» PROBLEM STATEMENT:
Starting at the line below that contains "Elementy w zestawie" and ending at the line that contains "Flat lay ingredients", retype each line exactly as it stands, but omit the pictures.
[ENTRIES SHOWN — start]
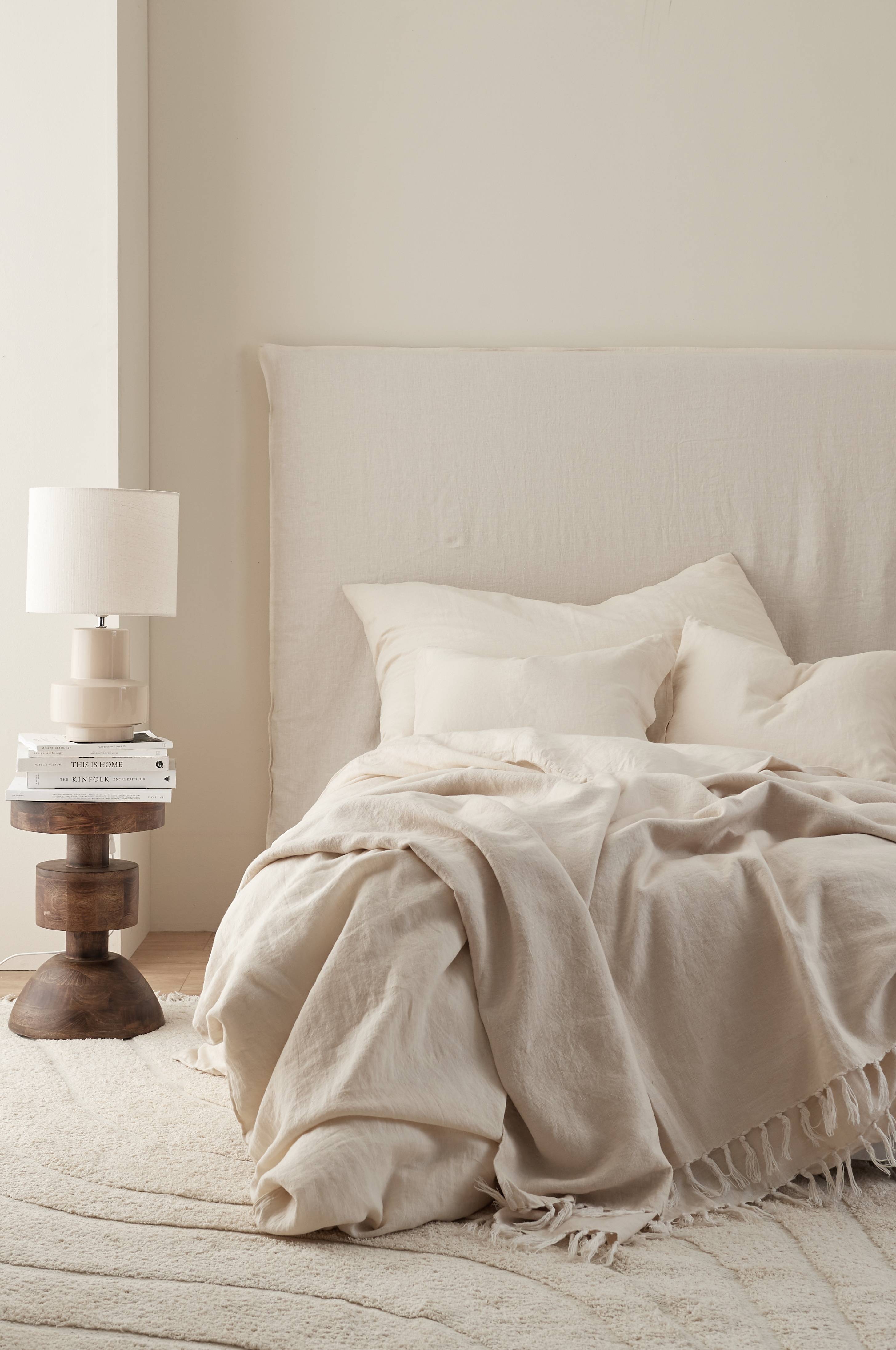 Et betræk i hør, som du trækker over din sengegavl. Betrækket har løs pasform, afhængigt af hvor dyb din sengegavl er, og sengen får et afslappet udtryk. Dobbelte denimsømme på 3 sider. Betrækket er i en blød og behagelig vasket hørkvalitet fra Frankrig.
[ENTRIES SHOWN — finish]
[ENTRIES SHOWN — start]
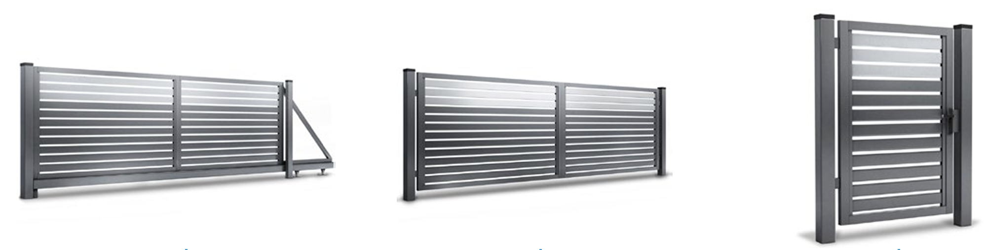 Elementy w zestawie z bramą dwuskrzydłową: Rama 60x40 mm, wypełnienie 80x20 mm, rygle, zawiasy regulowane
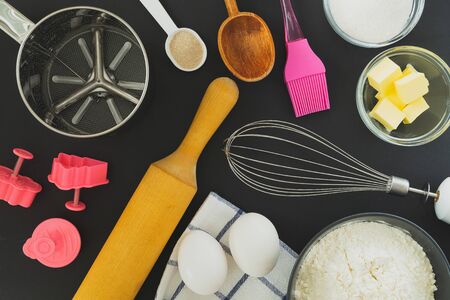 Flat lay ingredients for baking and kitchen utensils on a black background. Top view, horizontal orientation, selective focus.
[ENTRIES SHOWN — finish]
» RESULT:
 Elementy w zestawie z bramą dwuskrzydłową: Rama 60x40 mm, wypełnienie 80x20 mm, rygle, zawiasy regulowane
 Flat lay ingredients for baking and kitchen utensils on a black background. Top view, horizontal orientation, selective focus.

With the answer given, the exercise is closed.